Diode lasers build nanostructures

From oemagazine July 2002
01 July 2002
By Charles Whipple

Laser light can lay lattices on substrates, opening the way to atom lithography that can write lines for semiconductors with resolutions in the tens of nanometers. In addition, the same technology could be used to move single atoms in ultra-dense memory applications. To explore possibilities for nanodeposition and fabrication, Yasushi Inouye and a team of researchers at Osaka University (Osaka, Japan) have built an atom-optical system that uses a narrowband diode laser to collimate and focus a thermal chromium (Cr) atom beam. "The narrow linewidth lets us concentrate the laser energy at the best frequency for cooling," says Inouye.

Inouye's team used a 0.5-W continuously tunable diode laser operating between 840 and 860 nm and fitted with a built-in amplifier.
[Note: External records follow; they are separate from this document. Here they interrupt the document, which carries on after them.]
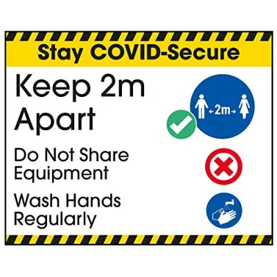 V Safety COVID Secure Sticker 2m Apart/Wash Hands 100mm x 80mm Self Adhesive Vinyl
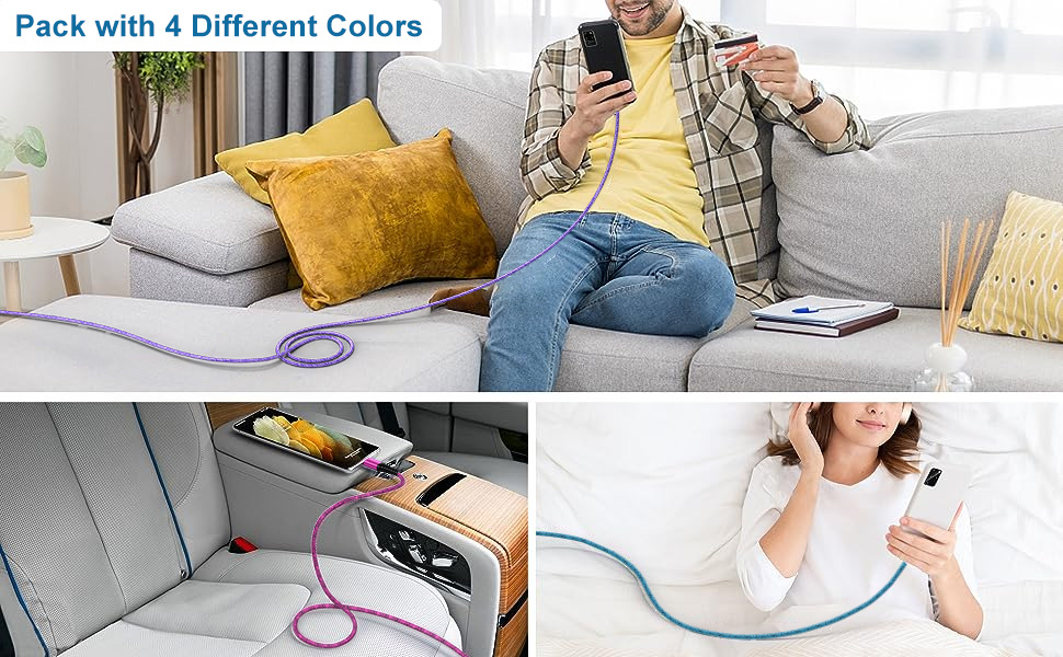 • Extra Long & Multicolored: 6FT extended design enough to reach wherever you like to sit. If you have a habit of losing cables, these multicolored cables are recommended as a backup and the colors help keep them organized.
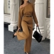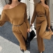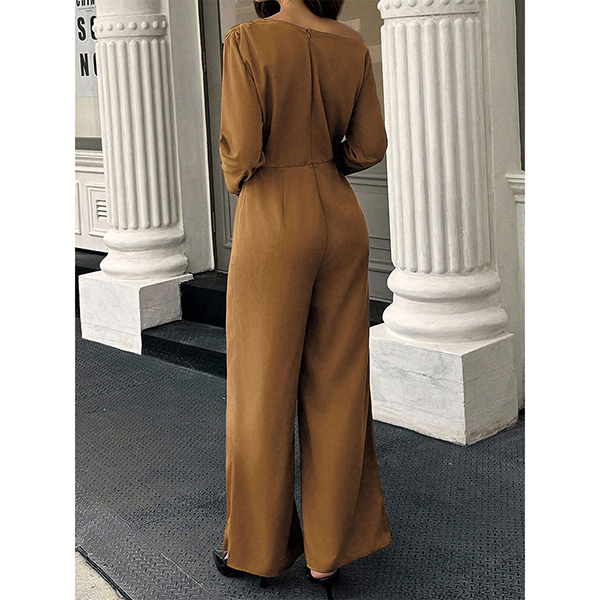 Fashion Slant Shoulder Long Sleeve Straight-cut Jumpsuit
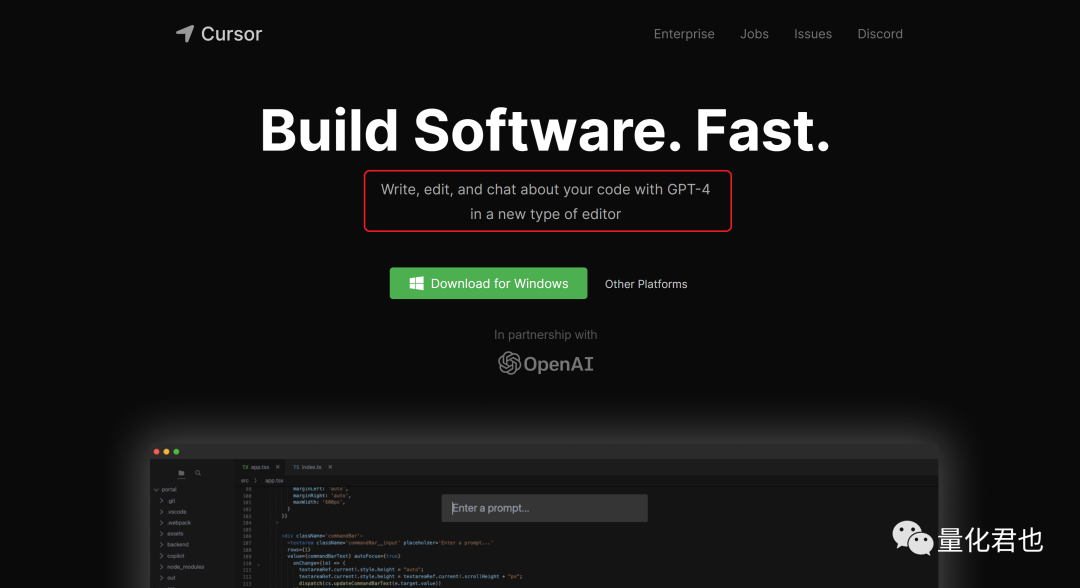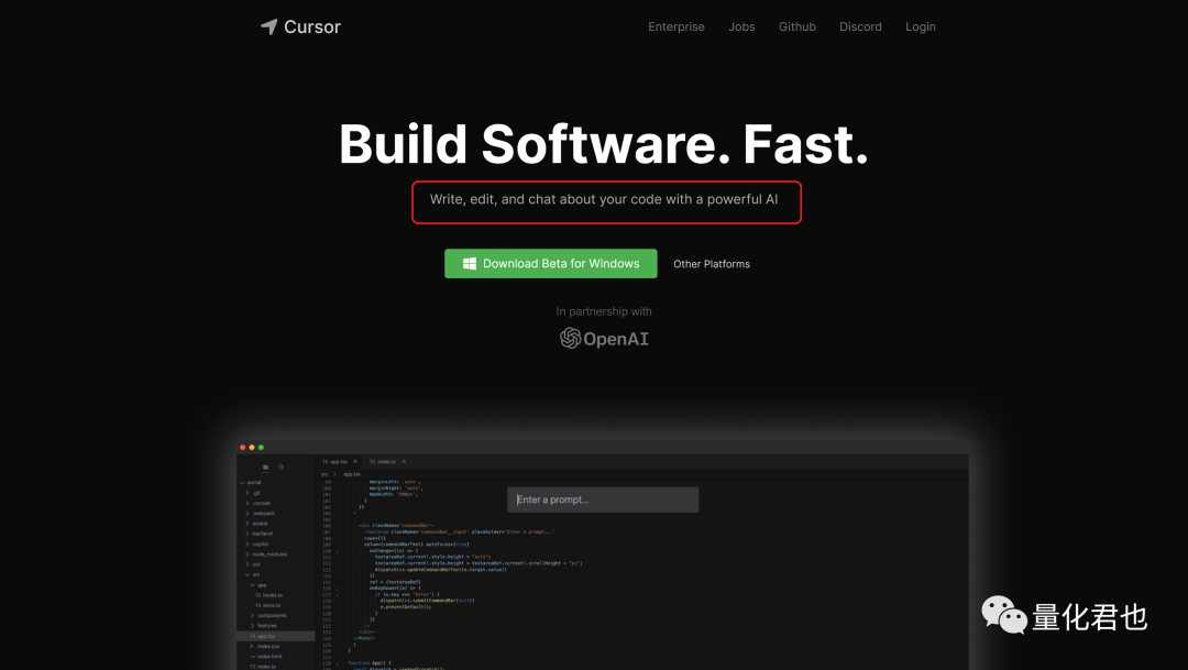 登录官网,虽然总体跟以前的风格大致一样,但是细心的小伙伴会发现slogan口号“Build Software.Fast.”下的那行小字发生了改变,官网地址:https://www.cursor.so/。
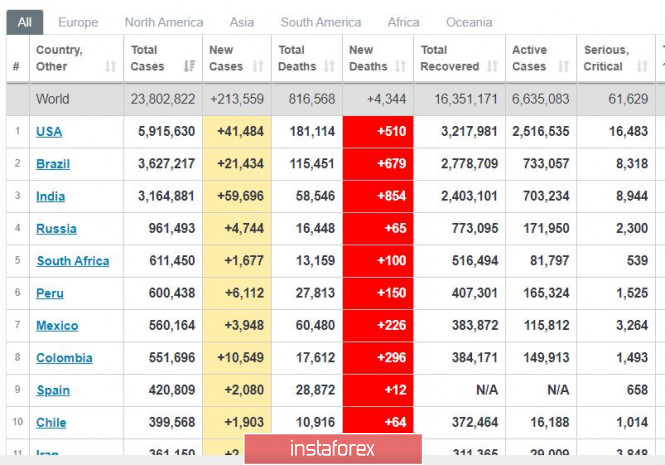 Торговый план 25.08.2020. EURUSD. Covid19 медленно отступает. Евро - ставки сделаныИнстаФорекс - Instaforex, 5 лет назад Covid19 в мире: Наконец хорошие новости. Спад в США - несколько дней ниже +45 К новых случаев в сутки; явный спад в Бразилии - в 3 раза ниже максимума роста в сутки; некоторый спад в Индии, хоть и небольшой. Вторая волна пандемии медленно, но снижается - в самых пострадавших странах, вероятно, уже достигнут минимально необходимый иммунитет - да и вакцины в разных странах всё ближе к применению - начато промышленное производство вакцин. В России ситуация стабильная - если верить официальным цифрам. Носите маски, господа и дамы! Число смертей заметно ниже +1000 в сутки в самых сложных странах. EURUSD: Евро сформировал два уровня. Покупаем от 1.1850. Продаем от 1.1750. Новости в четверг - занятость по США. Материал предоставлен компанией InstaForex - www.instaforex.com |
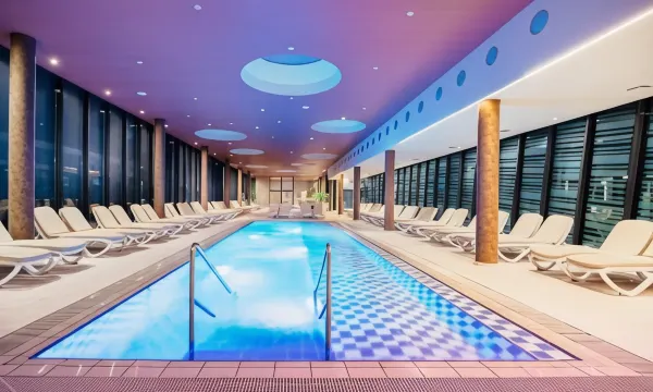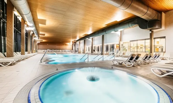 The pool complex features white and black thermal water which has unique therapeutic properties. Guests can choose from a recreational indoor pool, whirlpools, an outdoor Olympic swimming pool, nature pool, kids pool as well as indoor swimming pool complex only for adults.
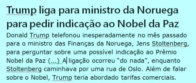 – Pode até ser que ganhe o Prêmio Nobel da Paz. No mundo em que hoje vivemos, jogar bombas em depósito nuclear do Irã, armar Israel para eliminar o povo palestino e doar à Rússia parte do território ucraniano são bons argumentos a seu favor.
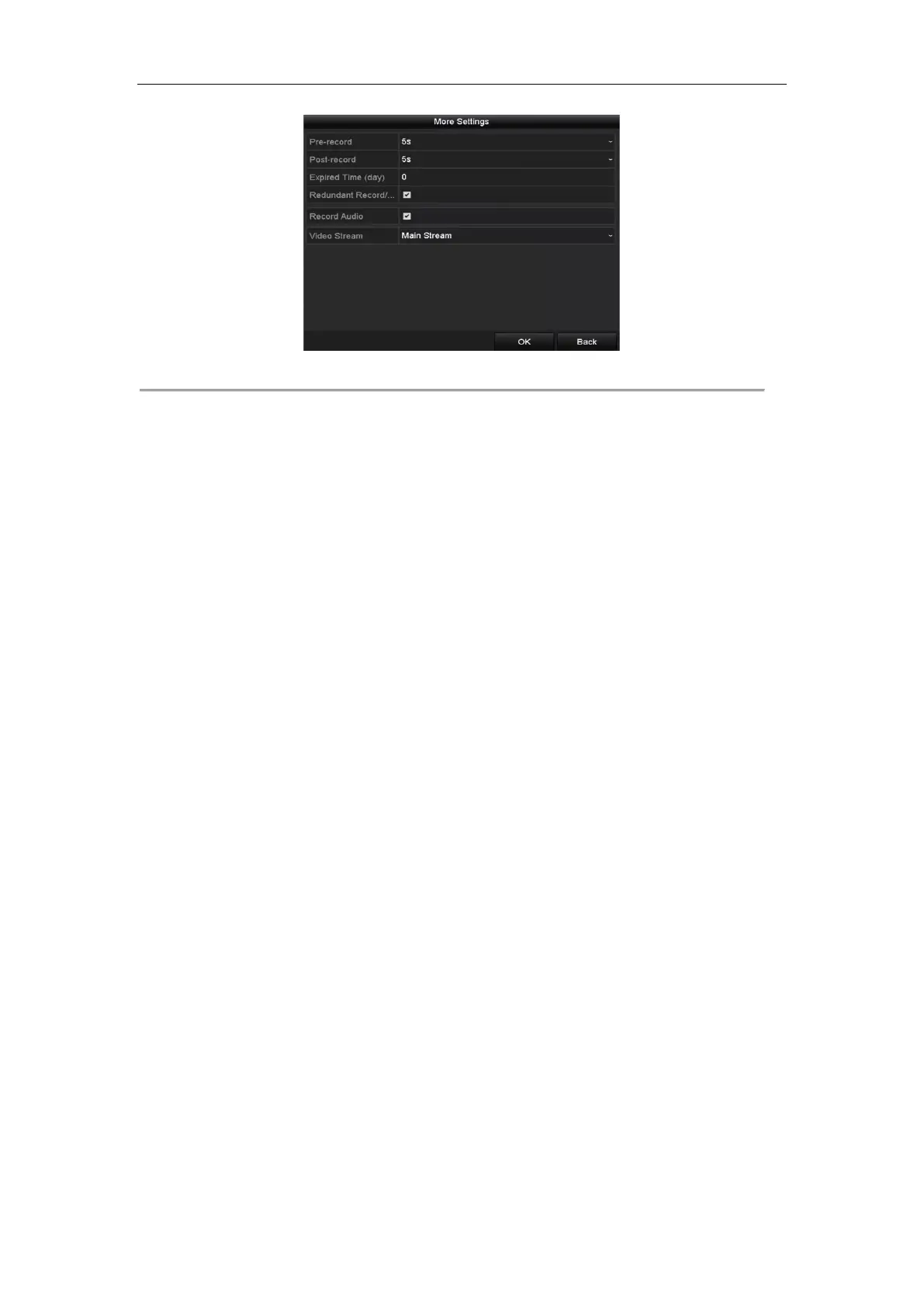 5) Click OK to save settings and back to the upper level menu.
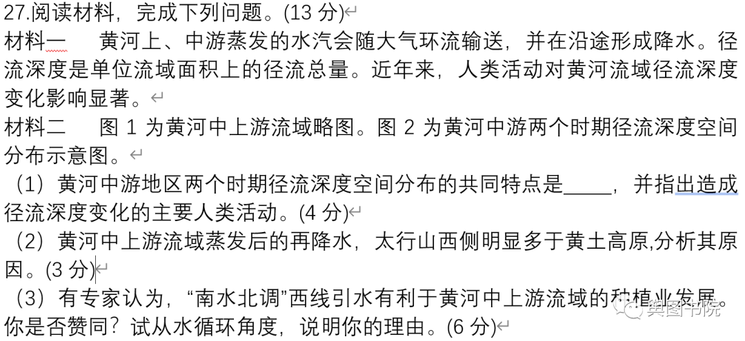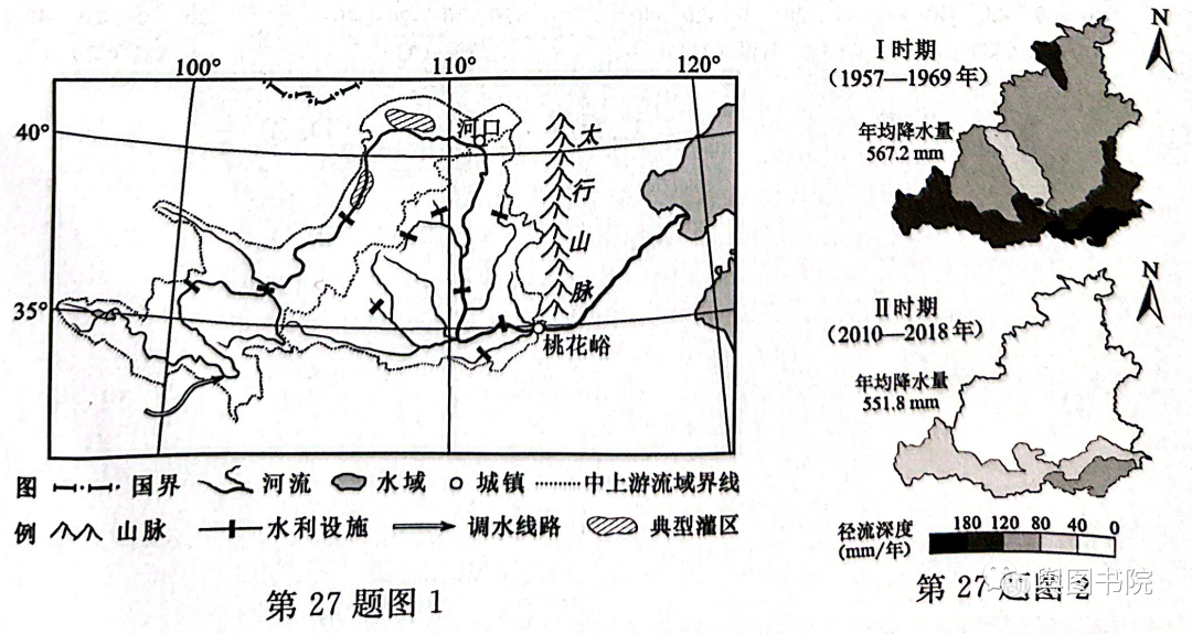 (1)由南向北递减;论述从人类用水角度切入,但是主要是工农业和生态用水。水利设施修建也会影响径流深度,答题从以上几点入手即可。
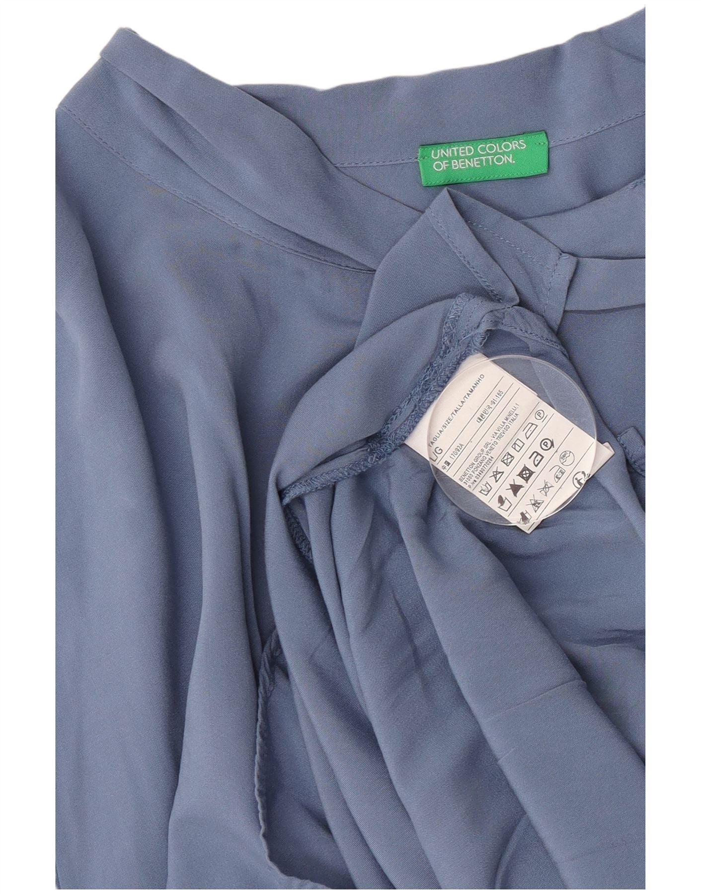 Home > Roupas Vintage Benetton > mulheres > Blusa feminina de manga comprida com gravata frontal Benetton Reino Unido 16 grande viscose azul
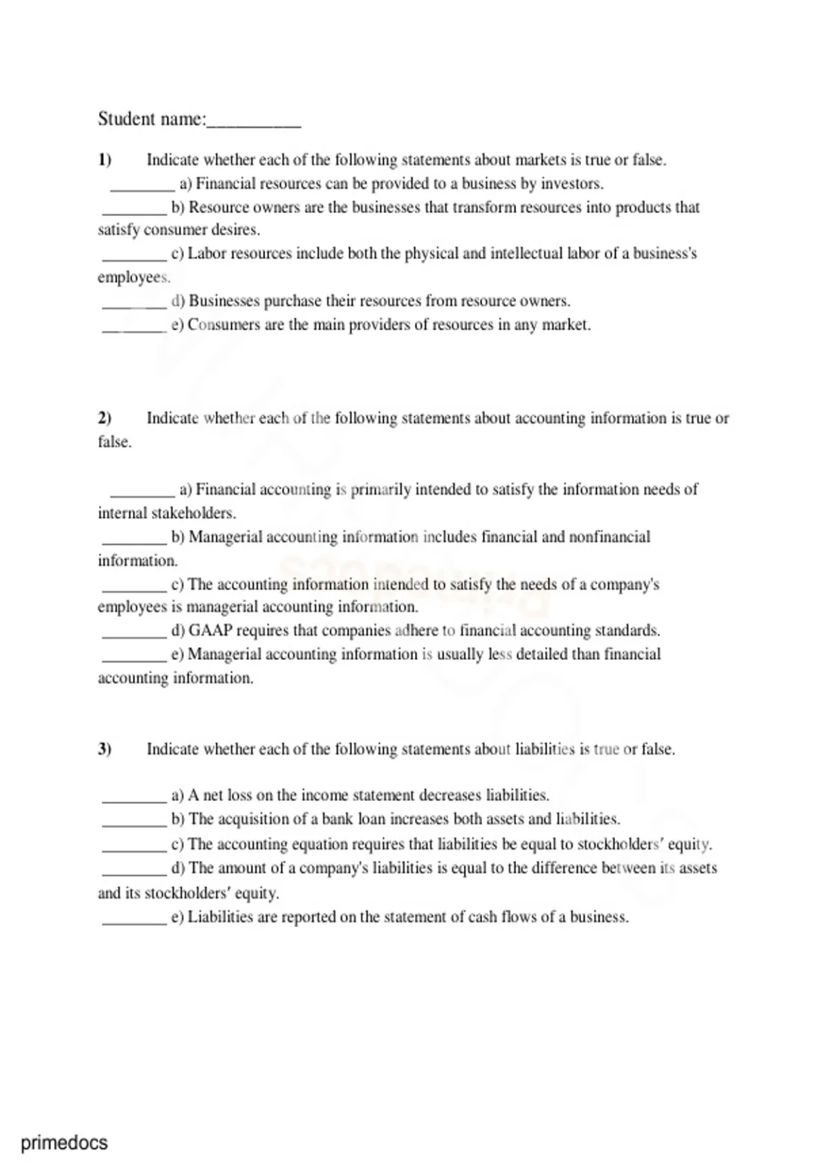 3) Indicate whether each of the following statements about liabilities is true or false.
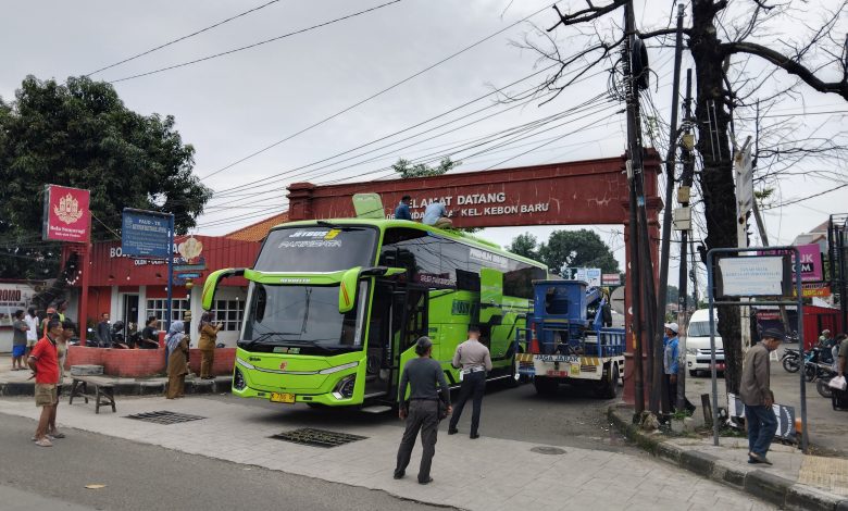 Bus DPRD Pati Jawa Tengah Tersangkut Gapura Tanda Barat, Jalan ke Stasiun Cirebon Lumpuh Tiga Jam

They directed the laser beam through a ring-cavity second harmonic generator and used lithium triborate (LBO) as the frequency-doubling crystal to convert the output to violet wavelengths. The laser is tuned so that the second harmonic matches the 7S3 7P4 transition in 52Cr, which is 425.55 nm in vacuum. The linewidth is also identical to that of Cr atomic resonance, which is Γ/2π = 5 MHz. They then split the laser beam with an acoustical-optical modulator to form beam pairs. They used the upper beam pair as the cooling source and the lower pair to construct a standing wave.

 

An AFM image shows the chromium line nanostructure diode-laser-focused atom deposition. (Osaka University)

"We effused chromium atoms from a cell with a 1 mm [aperture] by heating the cell to 1950 K, which is below the 2130 K melting point for that element," says Inouye. The group aimed the beam of Cr atoms through a 10-6 protactinium vacuum toward a substrate of <001>-oriented silicon. The team aligned the laser beam standing wave, which was nominally Gaussian in profile, so that it grazed across the sample with its peak intensity at the surface.

To get the proper flux and beam divergence, Inouye and his associates had to configure and optimize the atom emissions using three variables—the heating temperature, aperture area, and aperture-to-substrate distance. Measurements and calculations estimated the probable atom velocity as 960 m/s and a deposition rate of about 0.1 nm/min.

The experimental setup precollimated the Cr atom beam with a 1-mm slit downstream of the aperture, then subjected it to 1-D Doppler cooling. The team used photoluminescent imaging to determine the angular distribution of the beam. The narrow 1-mm slit reduced divergence angles to less than 0.2 rad with the slit positioned 210 mm from the fusion cell. Moving the slit to 495 mm, a position 10 mm above the substrate, further reduced the divergence. "In fact," says Inouye, "after cooling, the beam divergence was beyond our detection limits. But, judging from the fabrication, the divergence was in the range of sub-mrad."

A dipole force of the standing wave generated by the laser focused the atom beam. Inouye's team found that the first-order electrical potential provides the spatial dependence that causes focusing. "In practice, each node of the standing wave acts as a lens, creating an array of lines with a spacing of half the interference laser wavelength," says Inouye.

Inouye's technique formed a structure of uniform lines. Their height was a function of the atom-beam intensity and deposition time; their width was a function of the atom-beam collimation, the standing-wave intensity and profile, and the wavelength and spectral width of the laser. The width was also influenced by the laser frequency and ambient oscillations. According to Inouye, the group formed a lattice with an average spacing between lines of 212.78 nm, which is one-half the interference laser wavelength. The full-width at half maximum measured 150 nm.

"The most significant step forward that Inouye has made is to utilize diode-laser technology to produce the laser light that does the collimating and focusing of the atoms," says Jabez McClelland, physicist at the National Institute of Standards and Technology (NIST; Gaithersburg, MD). "This will have technological impact because it makes the incorporation of the process into an actual fabrication implementation more realistic."